4 key shifts defining sustainability in beauty today

By Lucy Whitehouse

- Last updated on GMT

4 key shifts defining sustainability in beauty today
We unveil the top trends and demands that are defining how beauty players are responding to demand for sustainability.

The insights come from industry expert Amarjit Sahota, President and Founder, Ecovia Intelligence - a market research, consultancy and training firm.

Find his top predictions for how these trends are like to evolve in the coming period here​.

Ecovia Intelligence will be covering these developments and more at its upcoming editions of the Sustainable Cosmetics Summit​ (Paris, 5-7 November, and Hong Kong 12-13 November).

4. Eco-labelling trend


A growing number of brands are looking at eco-labels to display their green / ethical credentials. Natural & organic labels are the most established, however a raft of new labelling schemes have been introduced in the last few years.

The most recent is the UEBT Certified Sourcing With Respect, introduced in June 2018, with Weleda and Natura Brasil the first adopters.

Others, like Allergy Certified are making headway in Europe, and Non-GMO project Verified is gaining popularity in North America.

Some schemes (like Non-GMO) are crossing over from the food industry; these include Fairtrade, Vegan, and Gluten-Free.

3. Green formulations


This major trend is continuing whereby cosmetic brands are replacing contentious synthetic chemicals with green or safer alternatives.

We are seeing more brands making ‘free-from’ claims on product packs, with products marketed as clean beauty.

A growing number of retailers are capitalising on this development. One example is Credo Beauty in the US, having seven ‘clean beauty’ stores in the US.

In recent months, Sephora has also introduced a clean beauty section in its American retailers that feature brands without contentious synthetic chemicals.

2. Packaging impacts


Rising awareness of plastic pollution, especially in the ocean, is putting pressure on cosmetic & personal care brands to reduce their packaging impacts.

In the last 2 months, several companies have started to use ocean plastic (recuperated from the ocean and beaches) in their product packaging.

They include P&G, Unilever and Henkel.
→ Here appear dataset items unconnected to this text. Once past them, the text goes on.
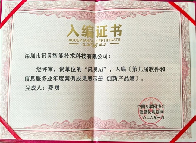 2026年1月7日,第十六届中国互联网产业年会在北京隆重召开,这场由中国互联网协会主办、北京市海淀区人民政府特别支持的行业顶级盛会,汇聚了互联网及软件信息服务领域的众多领军企业与权威专家。会上,深圳市讯灵智能技术科技有限公司旗下核心产品讯灵AI凭借突出的技术创新表现,成功入选“2025软件和信息服务业年度·创新产品”,公司总经理费勇先生登台领奖,彰显了行业对该产品技术实力与创新价值的高度认可。
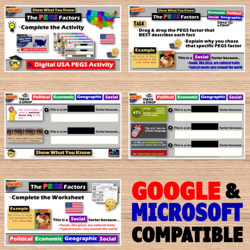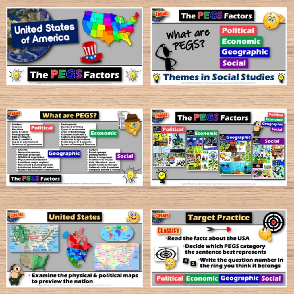 Explore the United States: PEGS Factors Lesson and Activities - Print & Digital
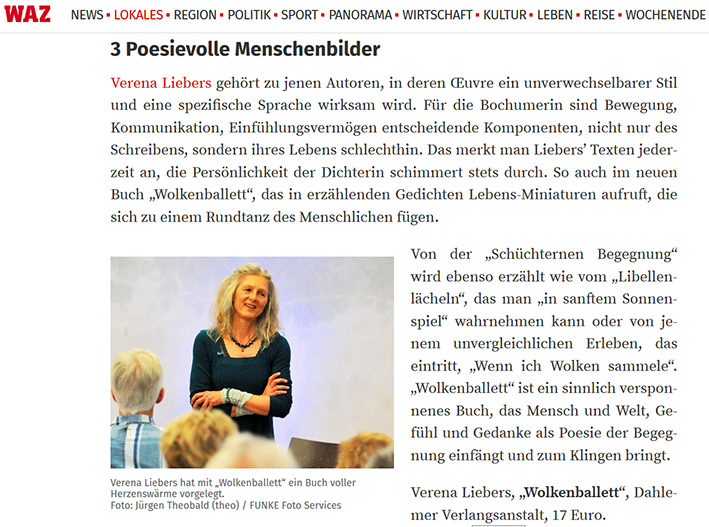 Wegen der Maßnahmen zur Bekämpfung der Corona-Pandemie ist das derzeit undenkbar. Die Beteiligten – neben dem Geigenbaumeister und der Autorin, die ihren Lyrikband »Wolkenballett. Poesie der Begegnung«, der dieser Tage erscheint, vorstellt, Liebers‘ Mitstreiter von der »VIGLis Wanderbühne« – präsentieren ihr Programm mit »Poesie und Musik zum Entspannen und Lauschen« am morgigen Donnerstag auf dem Parkplatz der GLS-Bank an der Christstraße.
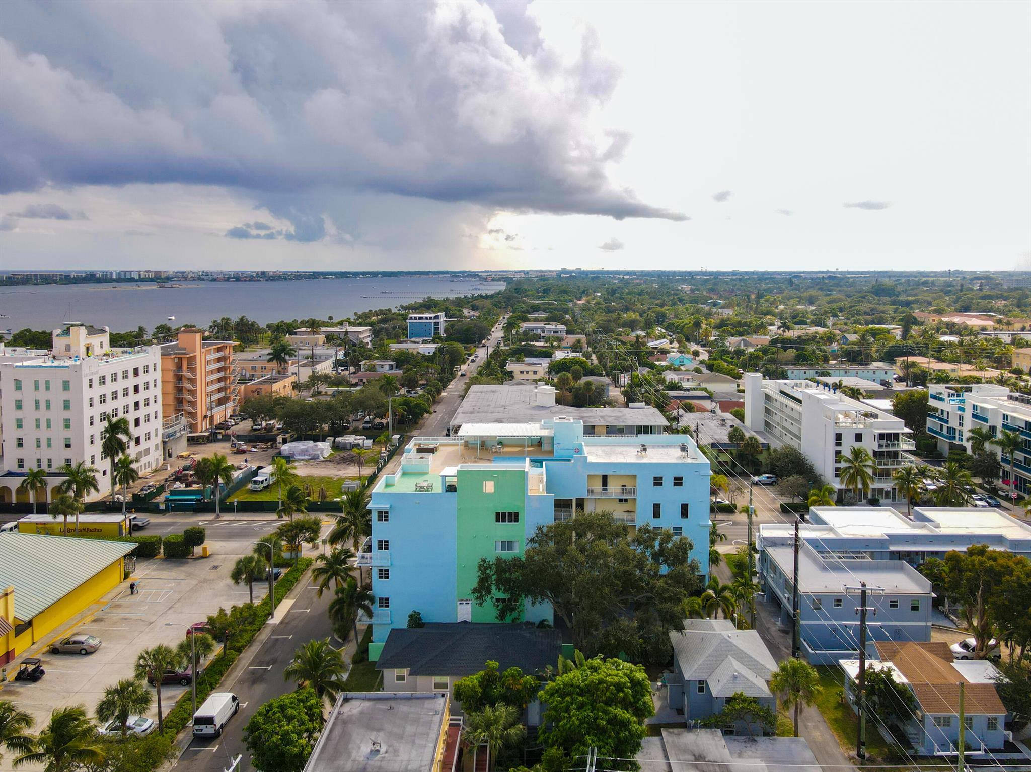 This southeast-facing corner residence at Lake Ave Lofts features over 2,000 square feet of open, light-filled living space, elevated by 20-foot floor-to-ceiling windows and Italian porcelain tile throughout.The main level offers a custom kitchen with marble countertops, high-end appliances, and an island with seating, along with an open dining area, living room, a spacious guest bedroom, and a full bath/powder room.Upstairs, the primary suite has been updated with expanded storage and a reconfigured walk-in closet. An open loft/den adds a versatile secondary living area--ideal for an office or lounge--with views overlooking Lake Avenue toward the Intracoastal.Building amenities include a rooftop pool, private storage, and two covered parking spaces. The location provides easy
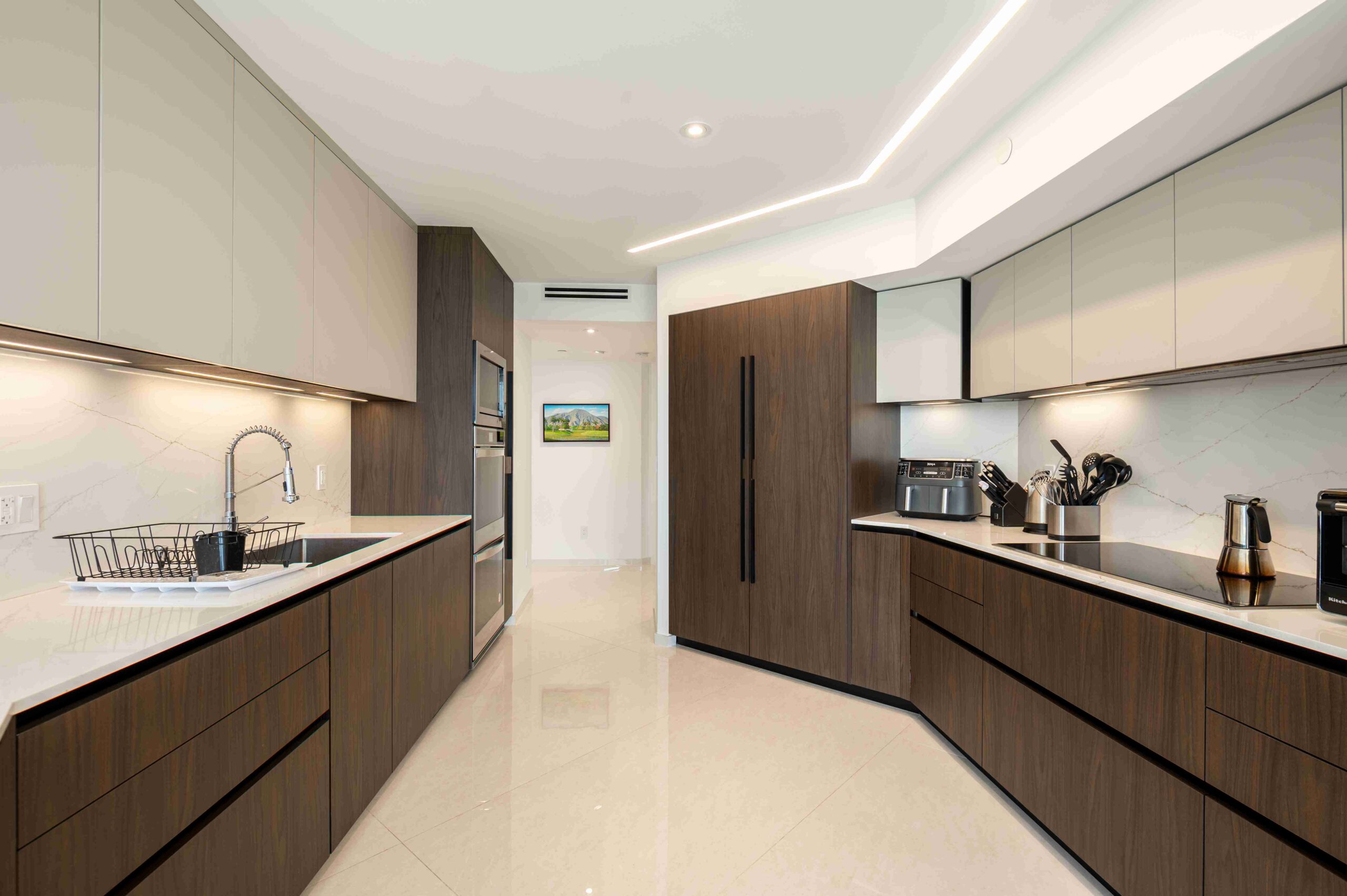 This Williams Island condo underwent a complete gut renovation, transforming the space with a thoughtful redistribution of bedrooms and bathrooms. Modern finishes flow throughout, including custom millwork, porcelain tile flooring, and a fully integrated lighting system. Every detail was carefully curated to create a contemporary, cohesive interior that balances functionality with sophisticated design.
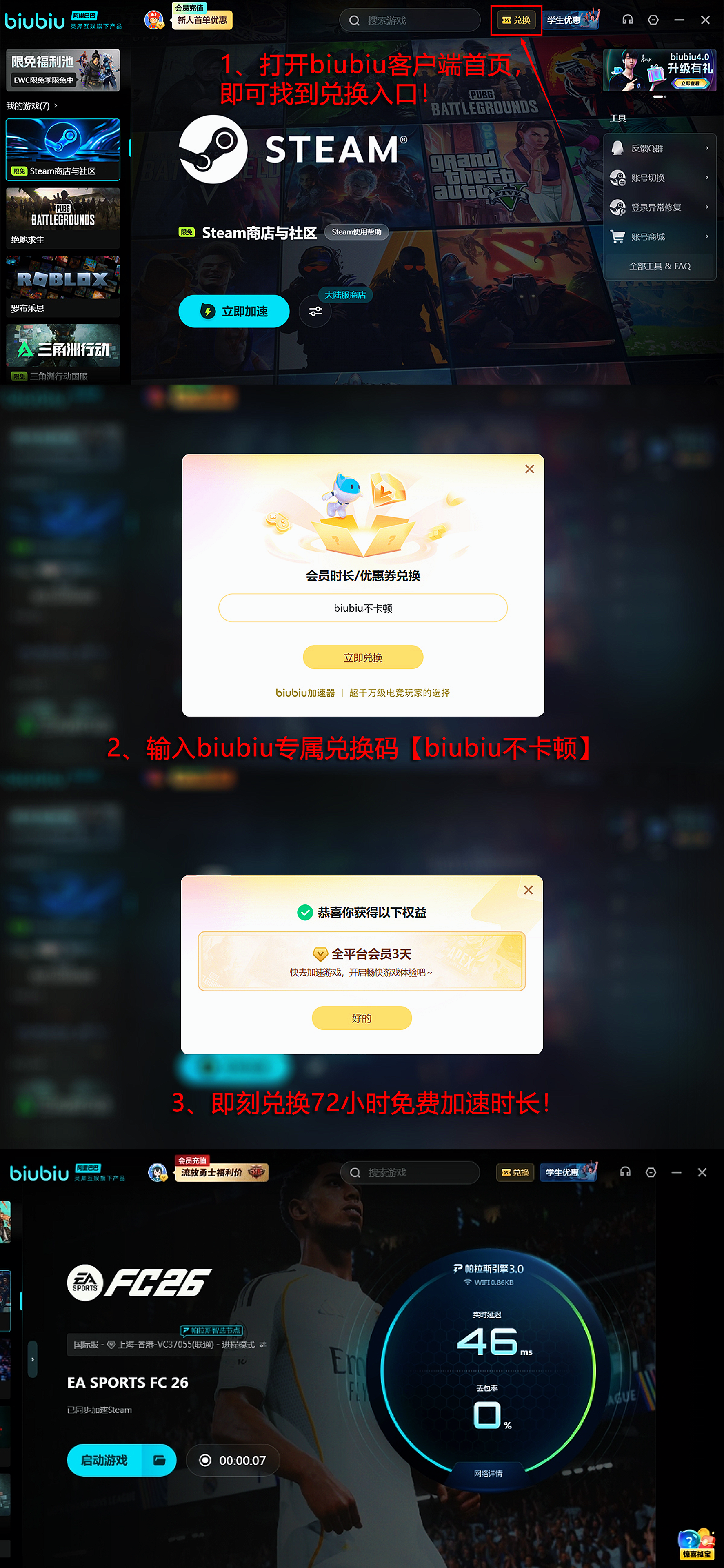 玩家们在完成任务的时候,基本上要参与这个赛季很多热门的赛事,比如联赛、杯赛等。如果没有良好的网络,比赛过程中很容易出现卡顿、延迟的问题,影响操作和比赛结果,这时就可以使用biubiu进行加速。其加速器联合冠军选手Aixleft打造的专属方案,引入帕拉斯引擎3.0,优化网络环境,减少延迟和卡顿,现在的biubiu可谓是迎来了重磅的升级,同时新人在注册后便能获得24小时免费加速时长,新老用户使用兑换码【biubiu不卡顿】还可额外获得3天免费的使用权。
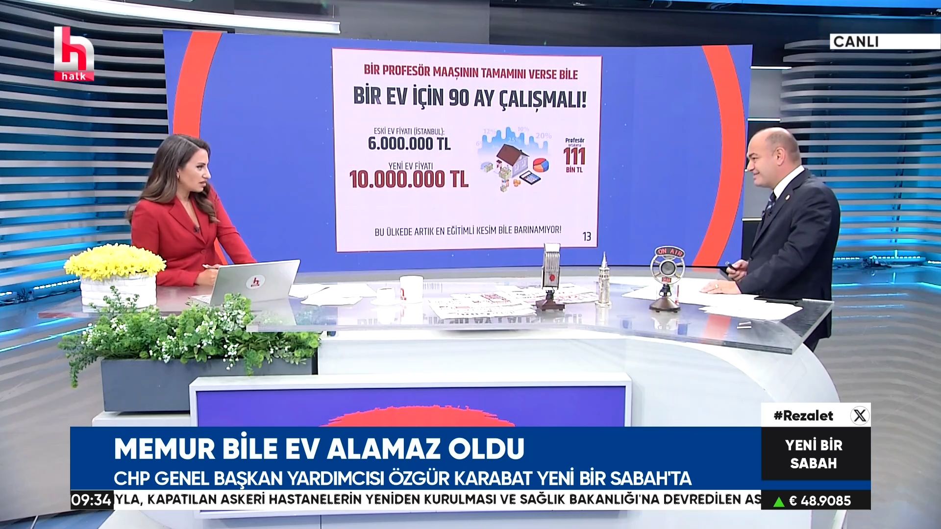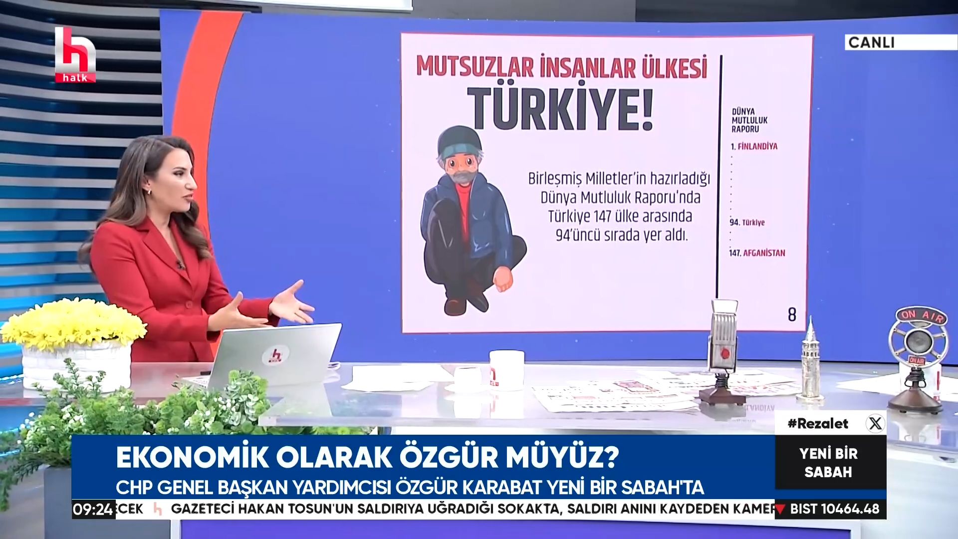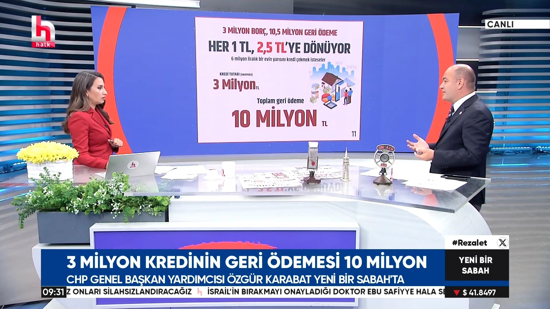 CHP Genel Başkan Yardımcısı Özgür Karabat, Halk TV’de Gözde Şeker'in sunduğu “Yeni Bir Sabah” programında Türkiye’deki ekonomik tabloyu görseller eşliğinde değerlendirdi. Karabat, hükümetin yarattığı refah algısının gerçeği yansıtmadığını söyledi:

We are featuring this development at our Sustainable Cosmetics Summit where organisations like TerraCycle who how they can integrate ocean plastic into packaging formats.

1. Metrics


Sustainability metrics are becoming prominent whereby large cosmetic & personal care firms are taking a systematic approach to sustainability.

They are measuring carbon footprint, energy usage, waste with the aim of reducing their environmental impacts.

Some like Unilever and P&G have made zero-waste pledges, others have set targets to reduce greenhouse gases and their carbon footprints.